I think Swing is a non-goal of this project. It provides good interop with the DOM and core JS methods, and it makes it easy to create your own interop for JS apis that aren't in the core.
A little over 10 years ago, I ran across TeaVM for the first time (probably) on GitHub. We had been looking for a way to port Codename One to the web, but we needed thread support, which wasn't supported by any existing solutions.
I emailed Alexey (the creator of TeaVM) to ask if he had plans for thread support, and he replied that, while "proper" threads weren't possible, he had some ideas for supporting green threads. Over the following 6 months or so, Alexey would share updates on progress he had made on the thread front. In March 2015, he shared that he had found a new approach for async code that wouldn't affect the performance of single-threaded code, and would support natural stack traces.

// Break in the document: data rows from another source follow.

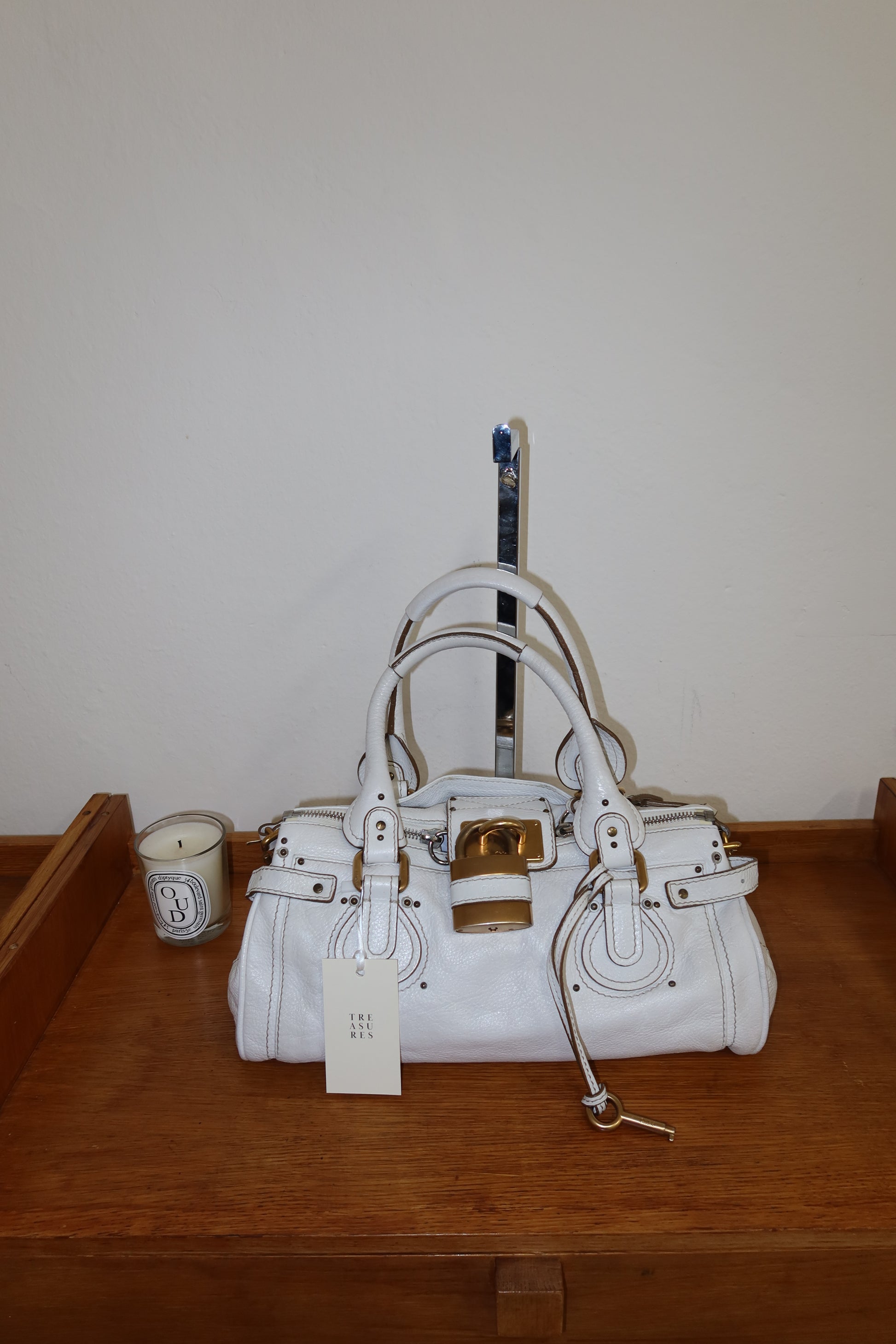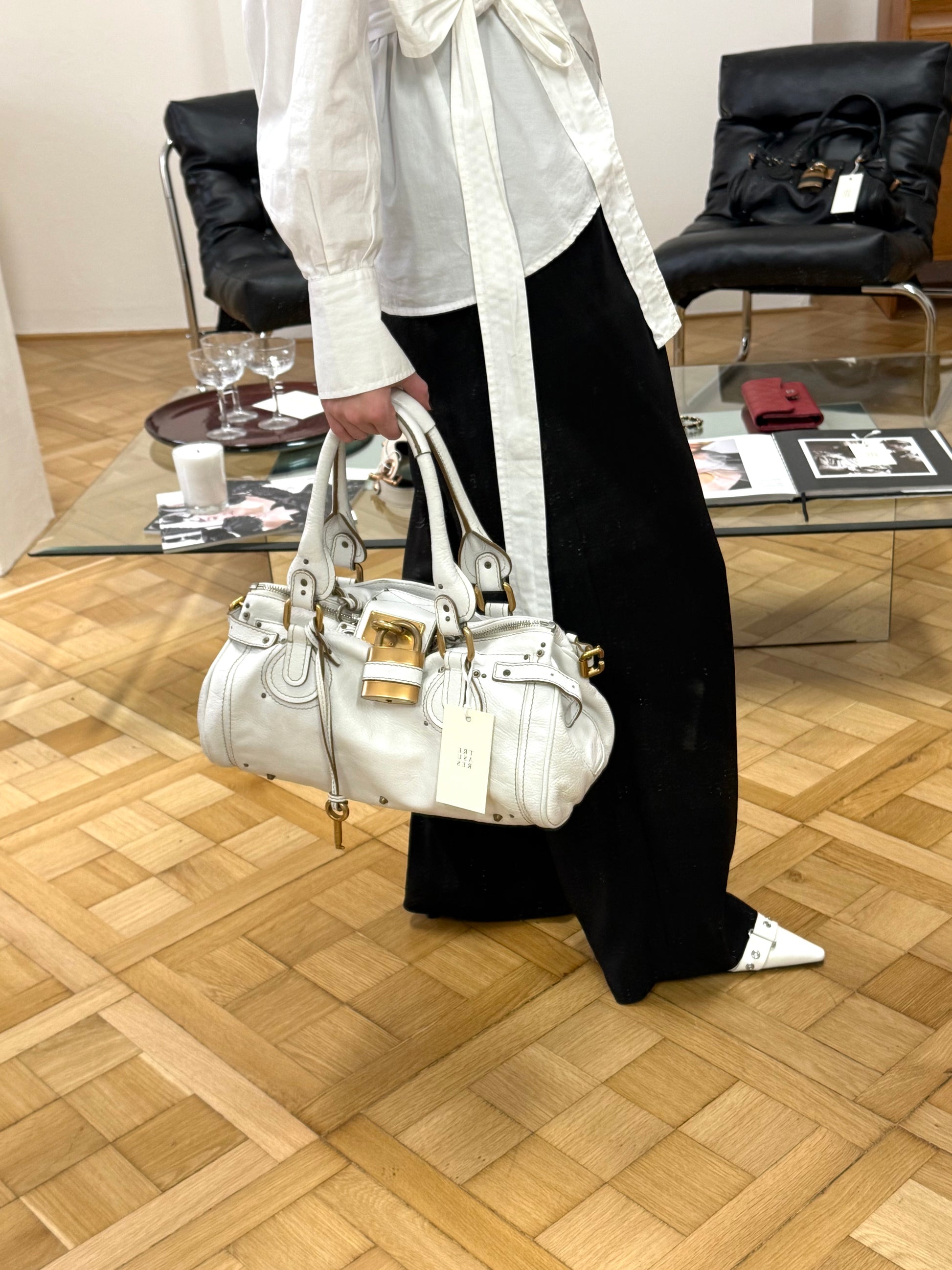 Chloé Paddington bag v bílé barvě z měkké kůže se zlatým hardwarem a charakteristickým masivním visacím zámkem – poznávacím znakem tohoto ikonického modelu.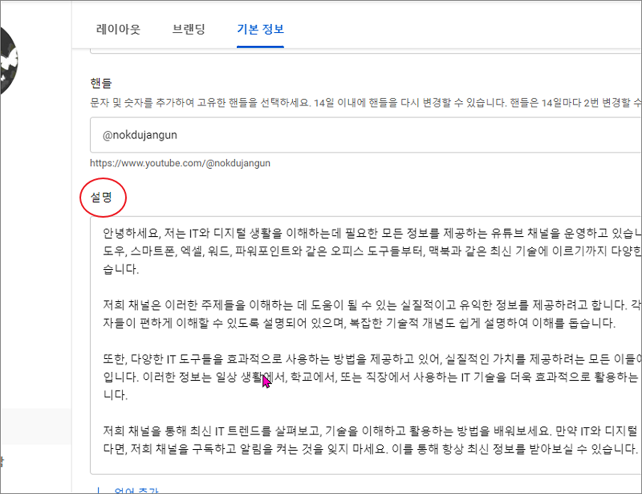 ▼ "설명" 란은 채널을 소개하는 곳입니다. 1000 자 이하로 입력해야 합니다. 저는 미리 준비한 내용을 입력했습니다.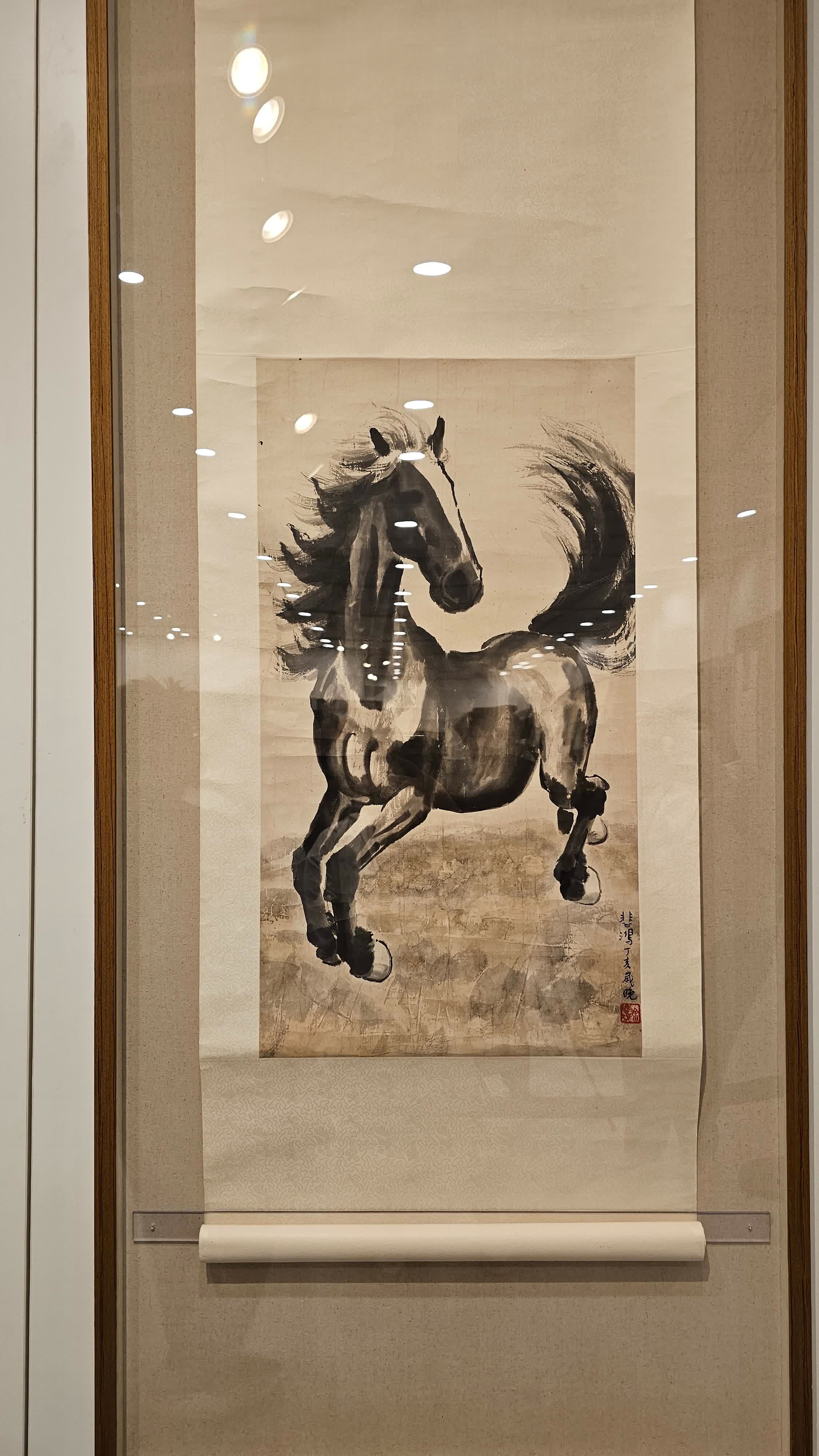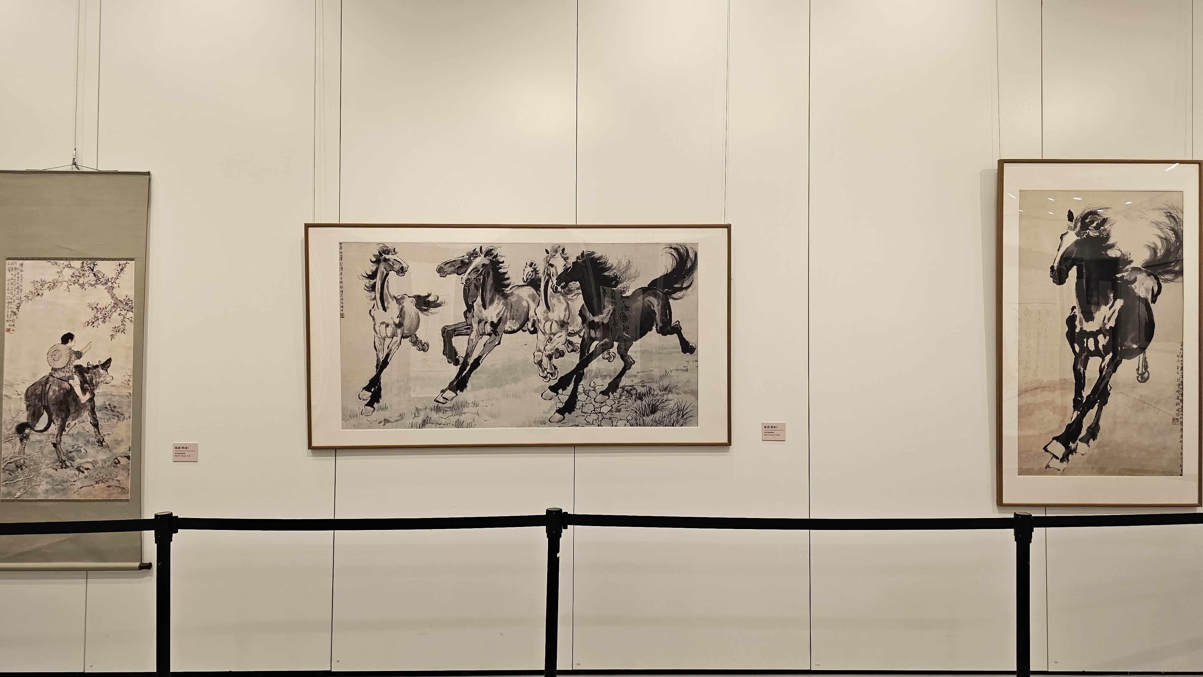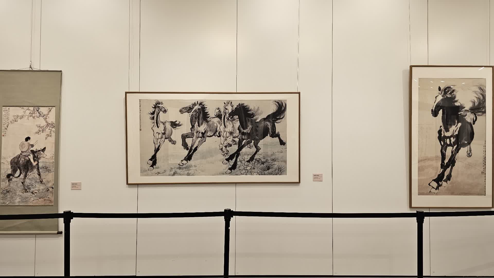 除了版畫《愚公移山》以及8幅創作手稿,現場還展出多幅徐悲鴻震撼人心的創作「馬」,包括他1947年創作的《奔馬圖》,畫面中駿馬逆風疾馳,鬃毛如烈焰飛舞,馬蹄踏破虛空,將抗戰時期國人渴求勝利的心境化作視覺史詩,體現其個人藝術追求與民族命運緊密相連的創作觀,展現其作品超越傳統文人畫的寄情言志、昇華為時代集體吶喊的精神。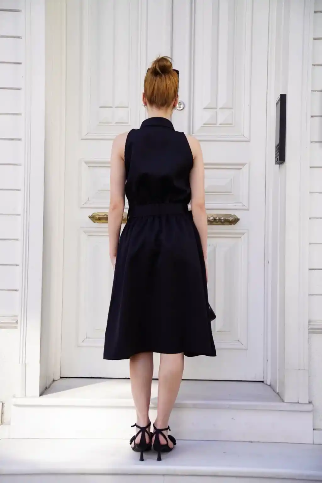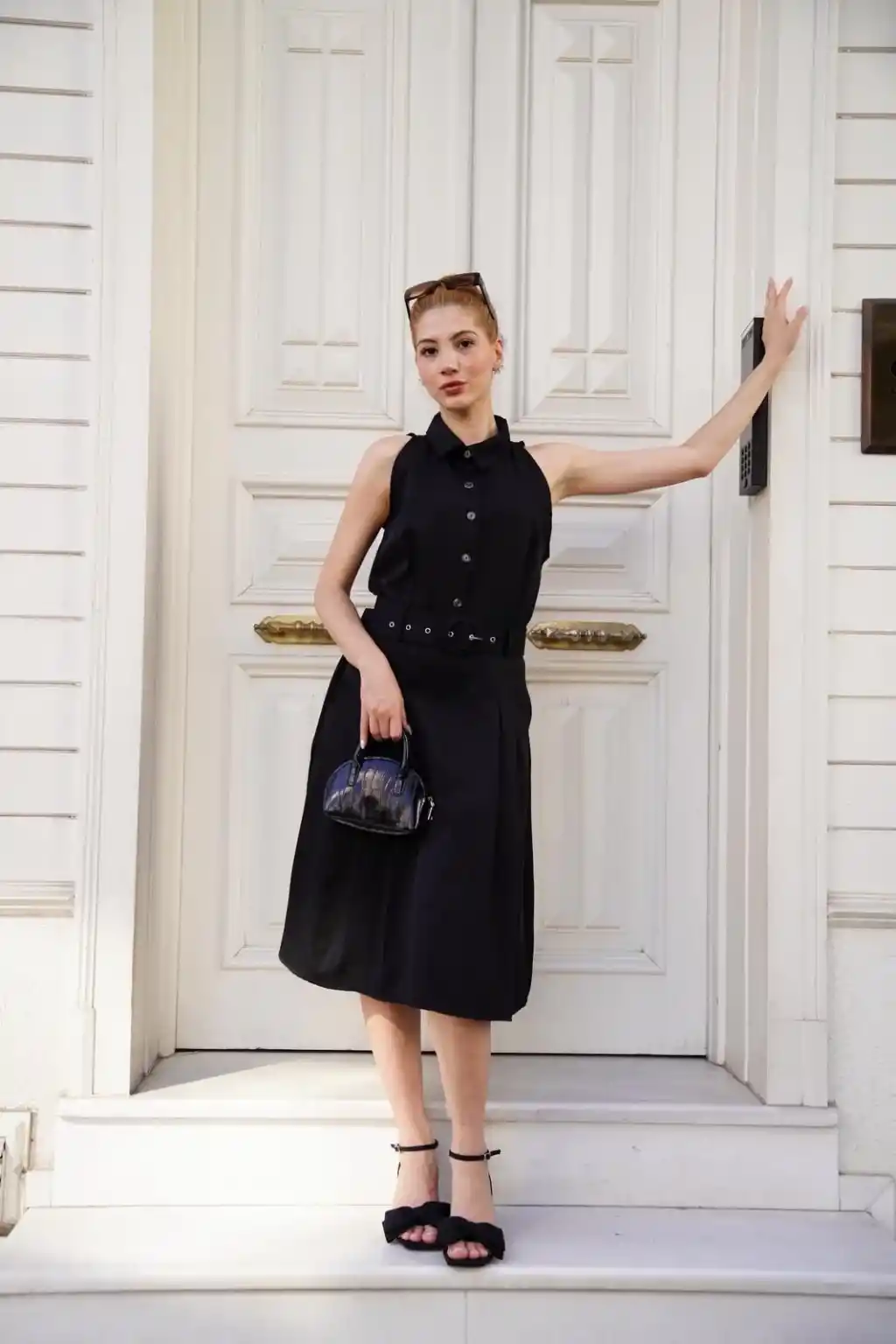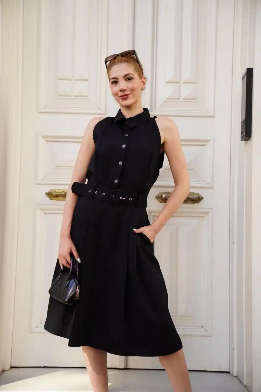 Gömlek yaka kemerli siyah elbise, gardırobunuzun vazgeçilmez parçası olmaya aday! Zarif tasarımıyla dikkat çeken bu elbise, şıklığı ve rahatlığı bir arada sunuyor. %100 pamuklu kumaşı sayesinde gün boyu konforu garantilerken, belindeki kemer detayıyla da feminen bir görünüm sağlıyor. Hem günlük hayatta hem de özel davetlerde rahatlıkla tercih edebileceğiniz bu elbise, şıklık konusunda sizi yalnız bırakmayacak.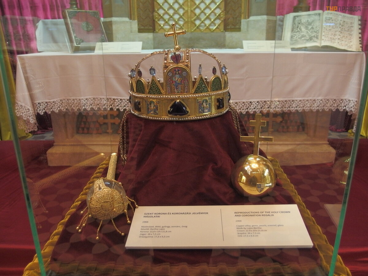 Baž nyč ioje saugomas Vengrijos monarchijos simbolis – karū nos, naudotos karaliams karū nuoti, kopija. Joje buvo laikomos miš ios naujų valdovų karū navimo garbei (patys karū nacijos vyko Szekesfehervare), 1867 metais č ia buvo karū nuotas Pranciš kus Juozapas ir jo ž mona Elisabeth (Sissi), o 1916 metais - Karolis IV ir Zita iš Parmos. Habsburgų dinastijos.

We released a preview of our web port using TeaVM a month later, and it exceeded all of our expectations, both in how easy it ended up being to do the port (because of TeaVM), and on the performance.
Alexey's solution for supporting threads, was truly a piece of genius. Had he not created TeaVM, and added threading support, I don't think we would have ended up with our web port - or, at the very least it wouldn't have ended up performing nearly as well.
Nice. I haven't used Flavour for anything yet, but TeaVm is awesome sauce! This past year or so, I've noticed an uptick in activity surrounding TeaVM. More contributions from people other than Alexey. Some of this is seems to be related to the growing interest in WASM solutions, and TeaVM is probably the best pathway from Java to WASM right now.
jDeploy developer here. No shenanigans, I swear. npm just simplified things. Some have expressed interest in adding self-hosting options, so I'll likely add support for that. It's open source too, so others could potentially add other hosting options also.
Yeah sorry I didn't mean anything underhanded, it's just a complication that made me reluctant to try it out initially. Honestly if you wanted to offer a whole turnkey commercial service with hosting and analytics and stuff I could imagine being drawn to that.
"Swing suffered from two central weaknesses: the tutorials provided by Oracle were... often insufficient. And you could pick up some bad habits by following them. And then there were the UI builders where anybody could draw up something mediocre."
Agreed. Also, the IDEs would typically give you too much rope - enough for a novice to hang himself. When you create a new project with Xcode, you get a default project with all of the essentials for a native app. The menus, a window, an "About" window. Etc. In most java IDEs you get an empty main() method. Making an app that feels like a first-class citizen requires a lot of work and attention to detail.
Once inherited a 2D graphic editor... so slow it was totally useless. After tinkering a bit I noticed coordinates were sometimes 'long', sometimes 'Long'... gazillions of automatic boxing and unboxing operations resulted in a severe performance penalty. But the original developer didn't figure this out, tried to fix the problem by adding some multithreading on top... and of course botching it.
Introduced some sensible data types, got rid of the multithreading and it really got smooth...
I played with Swing a bit and really liked the control it provides. Is there any book that you recommend other than Filthy Rich Clients by Chet Haase to develop complex Swing application or to pick up good habits?
Is swing still developed and is there any reason I should pick JavaFX over Swing?
Funny you mention that. I co-wrote Swing Hacks for O’Reilly in 2005 and I still get about 50$ A year in royalties. So someone must still be writing Swing Apps.
My experience with many Swing apps is the same. I think a large part of the problem lay with the development tools. When you create a new Cococa project in Xcode, it generates a full app with all the necessary parts to feel native. You build it, you have a functioning hello world app with your "File" menu, etc...
In Java, when you create a new Swing app, the IDE (by default) just creates an empty main() method for you. You're expected to create your own menus and windows. Trying to make the app "native" requires a significant amount of work.
I always found this very confusing. I still do. At one point in time I think I could have explained why there were three tags. But I don't remember the specifics anymore.
I never really understood why, but I can guess. Could have been political/strategic, to try to force developers onto Objective-C. Or his keen attention to detail might have just bristled at some of the performance an UI issues that many of the Java apps had at the time.